World
Lebanon split over deal seen as curbing Iran's influence
Lebanon’s foreign minister, Youssef Raggi, declared Iran’s ambassador to Beirut, Mohammad Reza Sheibani, persona non grata and ordered him to leave by March 29, a move that sharpened the fight over a deal many Lebanese now view as a test of sovereignty. Supporters welcomed the agreement as a step toward curbing Iran’s influence in Lebanon, while opponents took to the streets and cast it as capitulation.
The split has deepened as war pressure mounted. Israel and Iran-backed Hezbollah have been fighting since October 2023, with Israel intensifying the conflict in September 2024 and again in March 2026. That latest escalation included strikes on Beirut’s southern suburbs and an invasion of Lebanese territory, pushing the country further into a confrontation that many in Lebanon say they did not choose but cannot escape.
The human cost has driven much of the public anger. June reporting put the toll in Lebanon at at least 3,783 dead and 11,699 wounded, with more than 1.2 million people displaced in one month of fighting. For families trying to return to work, reopen shops, or stay in place after repeated bombardment, any agreement that promises fewer Israeli attacks can look like a practical route to survival. For others, especially those who see Hezbollah and its allies as the engine of Lebanon’s isolation, the same deal reads as a surrender of national leverage.

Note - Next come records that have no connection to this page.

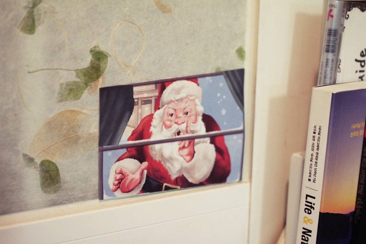 크리스마스가 왔다. 우리 집은 그래 봤자 트리도 없고 전구도 없고 로망조차 없건만 올해는 다르다. 집 정리도 끝난 참이고 손님들도 오고 하여간 그래서 열심히 대청소를 했는데 잠시 쉬며 데굴데굴 굴러다니는 동안 남동생이 나를 방 밖으로 불러낸다. 뭔가 했더니 현대백화점에서 온 크리스마스 전단지의 일러스트를 오려내어 집 이곳저곳에 산타를 숨겨둔 것 아닌가. 크리스마스 데코레이션이 딱히 없던 이 집에 그렇게 작은 산타들이 숨어 있다 생각하니 재미있고 신이 나서 더 해보라고 부추겼다.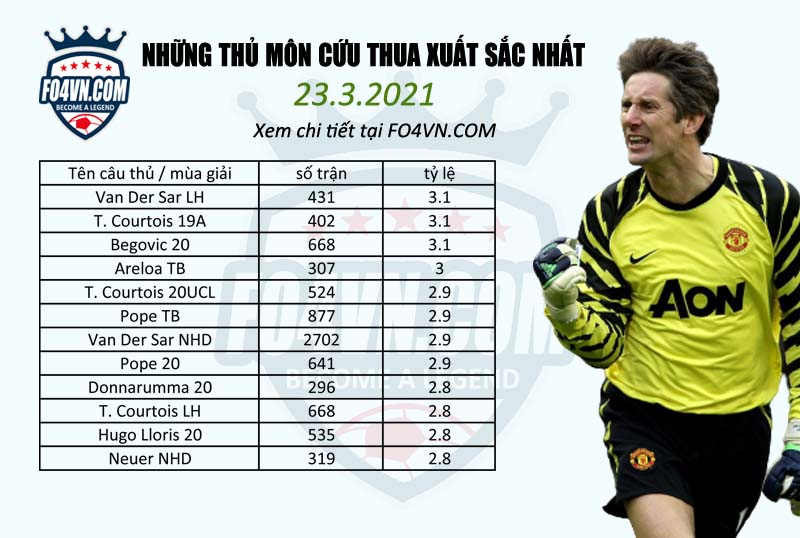 Dưới đây là 10 thủ môn có tỷ lệ cứu thua trong trận đấu cao nhất, tính đến ngày 23.3.2021 Hi vọng nó sẽ giúp bạn lựa chọn tốt hơn vị trí gác đền cho mình.
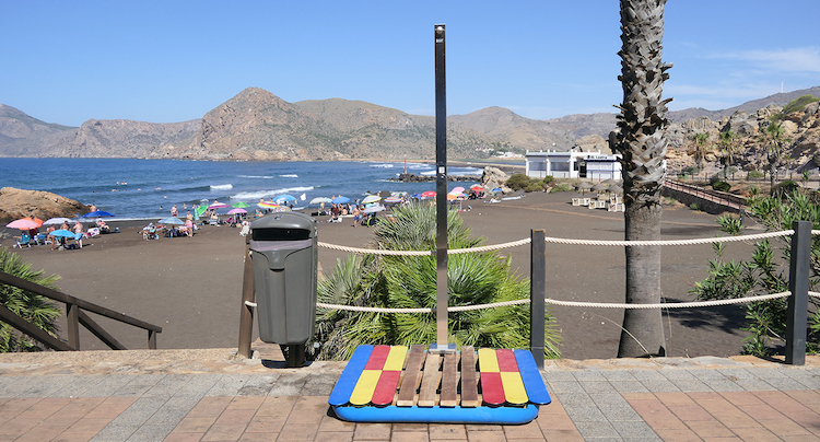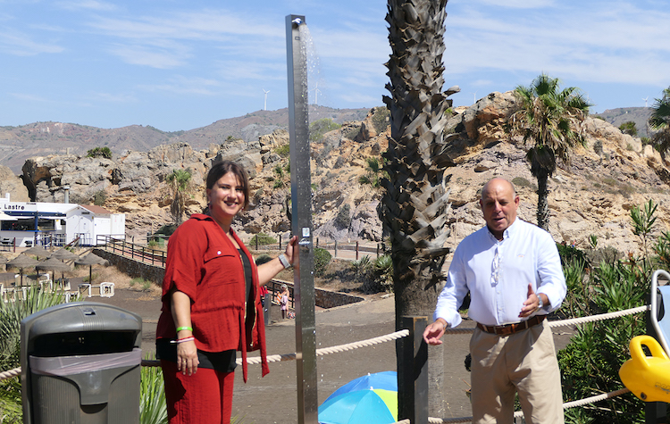 Esta mañana la primera teniente de alcalde, Isabel Egea, y el concejal Damián García, de VOX, han inaugurado un nuevo servicio público en la playa de Portmán que era muy demandado por los bañistas.
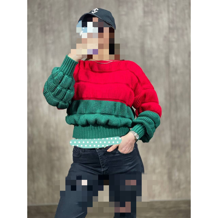 کد 02147 کراپ نیمتنه بافت پفکی هندونه ای فری سایز ۳۸ تا ۴۴ آکرلیک ایزی شاپ آنلاین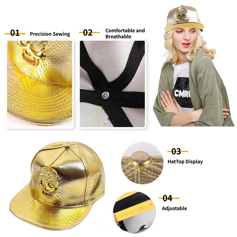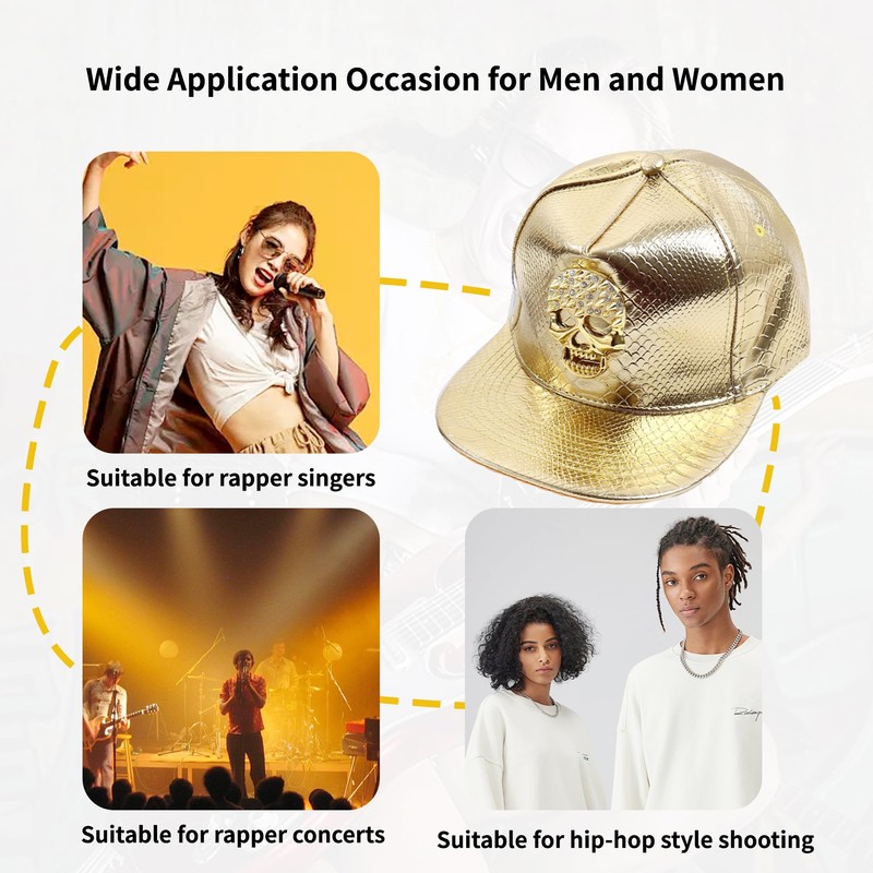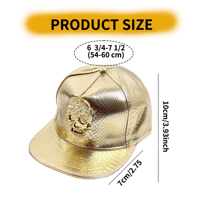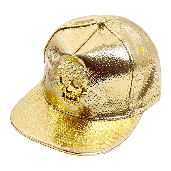 Hip Hop Hat Flat-Brimmed Rock Cap Adjustable Baseball Caps Men Women (US, Numeric, 6 3/4, 7 1/2, Skull -Gold)
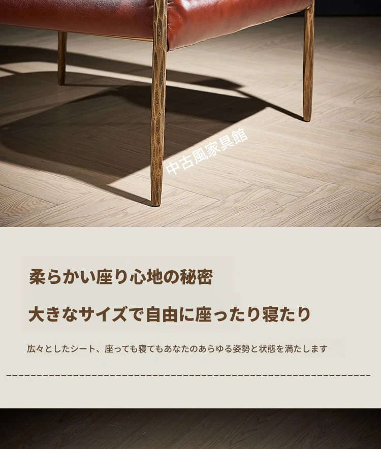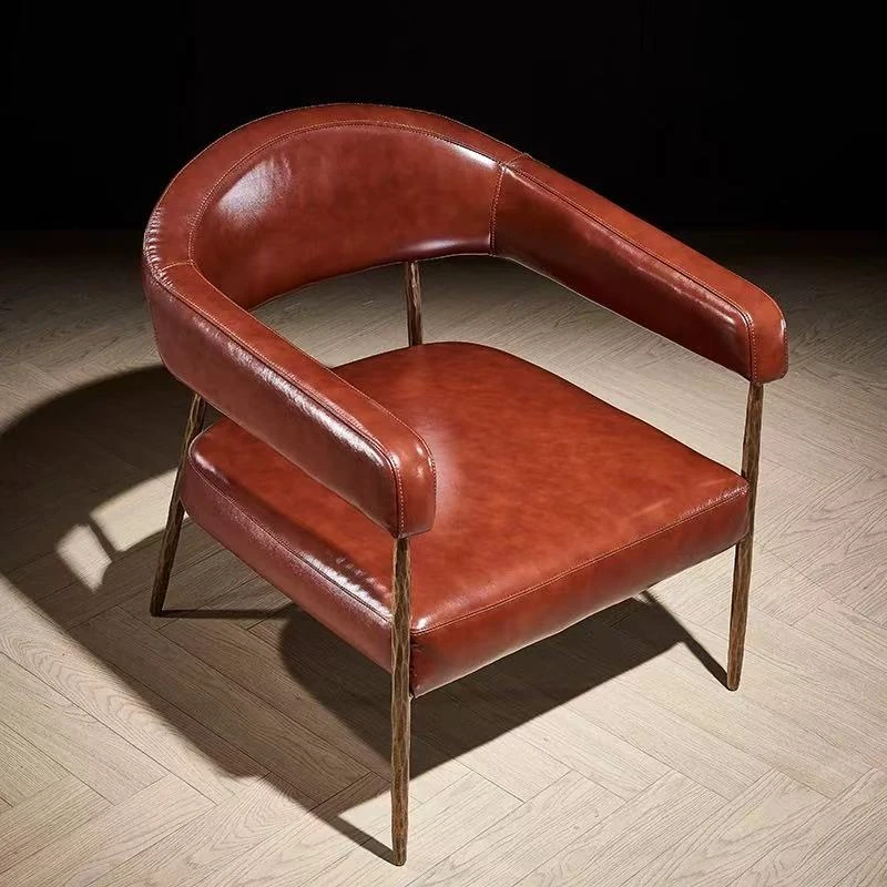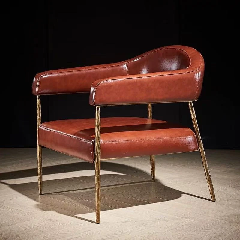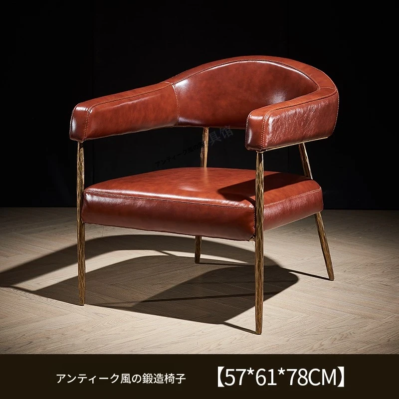 中古風アイアン一人掛け椅子 - リビングやバルコニーに最適なフレンチスタイルの高級シガーバーソファ椅子。デザイナーによる金属アームレスト付きで、洗練された雰囲気を演出します。おしゃれで快適な空間を演出するアイテムです!

That divide is now tied to a broader argument over whether Lebanon can be separated from the Iran-Israel confrontation. Analysts say Tehran sees any wider settlement as needing to include Lebanon, and to protect the country’s territorial integrity while ending Israeli attacks there. Hezbollah’s own actions have kept that pressure alive, including a volley of six rockets at Israel after what it called more than 10,000 Israeli violations of the 2024 ceasefire.
Diplomacy has moved alongside the fighting, but without resolving the core dispute. The United States and Iran held direct talks in Pakistan in April 2026, while Reuters reporting cited by Al Jazeera said Iran sent officers from the Islamic Revolutionary Guard Corps to Lebanon after the November 2024 ceasefire to conduct a post-war audit and restructuring. Those moves have not settled the question now hanging over Beirut, southern Lebanon, and the state itself: whether any deal can endure while Lebanon remains a front line in a wider regional war.